(Data listing):
+++

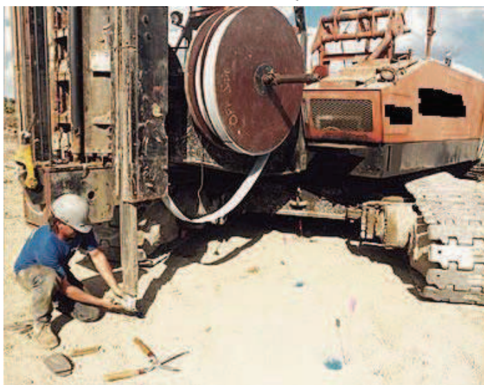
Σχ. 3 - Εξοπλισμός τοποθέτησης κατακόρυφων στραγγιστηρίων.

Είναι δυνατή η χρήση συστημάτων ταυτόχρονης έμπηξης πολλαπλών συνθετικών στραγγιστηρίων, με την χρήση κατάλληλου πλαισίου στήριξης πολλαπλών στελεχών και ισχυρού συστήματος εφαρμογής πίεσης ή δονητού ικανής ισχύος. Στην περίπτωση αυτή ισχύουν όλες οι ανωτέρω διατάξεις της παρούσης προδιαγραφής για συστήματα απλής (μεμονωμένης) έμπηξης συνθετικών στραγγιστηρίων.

+++

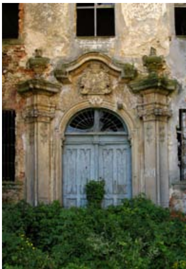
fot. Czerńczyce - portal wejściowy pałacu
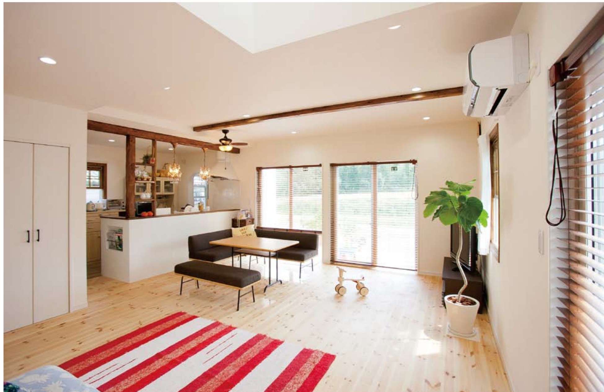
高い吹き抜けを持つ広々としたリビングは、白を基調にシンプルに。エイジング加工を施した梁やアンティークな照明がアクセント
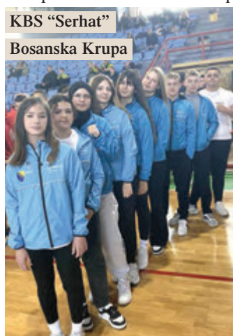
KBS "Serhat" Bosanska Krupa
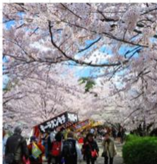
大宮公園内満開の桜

+++

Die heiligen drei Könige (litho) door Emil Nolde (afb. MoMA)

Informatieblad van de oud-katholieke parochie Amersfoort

+++

(What the task requires):
Filter the data above, keeping only lines that include the string "στραγγιστηρίων".

(Your solution):
Σχ. 3 - Εξοπλισμός τοποθέτησης κατακόρυφων στραγγιστηρίων.
Είναι δυνατή η χρήση συστημάτων ταυτόχρονης έμπηξης πολλαπλών συνθετικών στραγγιστηρίων, με την χρήση κατάλληλου πλαισίου στήριξης πολλαπλών στελεχών και ισχυρού συστήματος εφαρμογής πίεσης ή δονητού ικανής ισχύος. Στην περίπτωση αυτή ισχύουν όλες οι ανωτέρω διατάξεις της παρούσης προδιαγραφής για συστήματα απλής (μεμονωμένης) έμπηξης συνθετικών στραγγιστηρίων.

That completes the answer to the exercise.